_Assigned task_
In the listing below, print exactly the lines between the line holding "Kalakrith Milano Women" and the line holding "Pooqla 3FT Marquee", inclusive, and no more.

_Records provided_
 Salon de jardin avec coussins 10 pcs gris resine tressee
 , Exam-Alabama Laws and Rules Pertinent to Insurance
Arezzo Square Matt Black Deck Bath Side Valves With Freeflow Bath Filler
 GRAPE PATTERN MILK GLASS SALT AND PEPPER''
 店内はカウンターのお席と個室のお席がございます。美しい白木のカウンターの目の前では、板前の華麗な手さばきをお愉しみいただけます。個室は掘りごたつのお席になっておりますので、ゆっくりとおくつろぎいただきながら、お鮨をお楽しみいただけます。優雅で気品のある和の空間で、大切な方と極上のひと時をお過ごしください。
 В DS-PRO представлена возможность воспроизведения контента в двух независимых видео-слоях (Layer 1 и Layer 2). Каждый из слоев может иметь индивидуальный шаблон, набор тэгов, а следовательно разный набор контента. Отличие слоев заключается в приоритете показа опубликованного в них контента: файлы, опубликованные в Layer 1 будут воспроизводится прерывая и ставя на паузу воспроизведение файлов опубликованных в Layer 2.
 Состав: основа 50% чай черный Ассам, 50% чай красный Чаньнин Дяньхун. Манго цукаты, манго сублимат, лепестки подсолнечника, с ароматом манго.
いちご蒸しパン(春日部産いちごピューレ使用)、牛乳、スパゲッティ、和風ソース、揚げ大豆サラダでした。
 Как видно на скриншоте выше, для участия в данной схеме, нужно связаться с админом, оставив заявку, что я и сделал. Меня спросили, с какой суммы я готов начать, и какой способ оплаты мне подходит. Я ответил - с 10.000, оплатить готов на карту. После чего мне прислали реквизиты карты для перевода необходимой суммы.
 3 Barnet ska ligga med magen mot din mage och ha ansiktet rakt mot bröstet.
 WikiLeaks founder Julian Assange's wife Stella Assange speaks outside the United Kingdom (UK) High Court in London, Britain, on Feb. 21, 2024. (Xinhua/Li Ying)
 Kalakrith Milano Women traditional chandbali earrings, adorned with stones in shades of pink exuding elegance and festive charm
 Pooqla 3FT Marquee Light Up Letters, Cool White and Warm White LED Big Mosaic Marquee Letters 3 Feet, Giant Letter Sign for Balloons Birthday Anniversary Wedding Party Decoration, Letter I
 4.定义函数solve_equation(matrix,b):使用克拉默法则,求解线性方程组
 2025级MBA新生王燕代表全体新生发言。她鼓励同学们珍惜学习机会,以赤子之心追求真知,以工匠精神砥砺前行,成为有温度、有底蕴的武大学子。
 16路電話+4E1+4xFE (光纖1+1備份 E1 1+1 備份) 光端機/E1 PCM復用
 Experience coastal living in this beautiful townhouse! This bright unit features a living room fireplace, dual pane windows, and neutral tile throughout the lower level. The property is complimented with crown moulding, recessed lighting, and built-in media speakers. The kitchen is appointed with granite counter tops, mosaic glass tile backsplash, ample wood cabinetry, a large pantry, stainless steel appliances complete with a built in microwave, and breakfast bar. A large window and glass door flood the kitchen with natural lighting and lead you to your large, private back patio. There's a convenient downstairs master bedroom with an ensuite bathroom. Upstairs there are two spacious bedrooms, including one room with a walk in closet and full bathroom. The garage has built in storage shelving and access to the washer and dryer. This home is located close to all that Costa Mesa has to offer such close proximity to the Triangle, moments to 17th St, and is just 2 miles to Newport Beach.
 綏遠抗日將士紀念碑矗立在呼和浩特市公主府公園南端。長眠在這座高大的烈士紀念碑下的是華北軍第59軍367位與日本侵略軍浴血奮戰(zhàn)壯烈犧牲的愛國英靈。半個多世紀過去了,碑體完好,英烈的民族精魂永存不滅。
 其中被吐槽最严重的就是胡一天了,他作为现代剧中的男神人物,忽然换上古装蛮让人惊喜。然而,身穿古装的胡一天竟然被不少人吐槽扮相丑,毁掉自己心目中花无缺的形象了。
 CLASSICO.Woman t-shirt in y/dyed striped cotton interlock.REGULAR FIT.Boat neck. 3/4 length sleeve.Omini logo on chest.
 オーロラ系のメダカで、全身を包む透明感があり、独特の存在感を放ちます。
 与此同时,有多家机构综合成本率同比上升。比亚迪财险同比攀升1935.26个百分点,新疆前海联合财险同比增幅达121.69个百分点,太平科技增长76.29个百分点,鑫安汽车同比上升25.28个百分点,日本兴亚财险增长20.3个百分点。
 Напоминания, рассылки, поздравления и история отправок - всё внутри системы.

_Reply to the exercise_
 Kalakrith Milano Women traditional chandbali earrings, adorned with stones in shades of pink exuding elegance and festive charm
 Pooqla 3FT Marquee Light Up Letters, Cool White and Warm White LED Big Mosaic Marquee Letters 3 Feet, Giant Letter Sign for Balloons Birthday Anniversary Wedding Party Decoration, Letter I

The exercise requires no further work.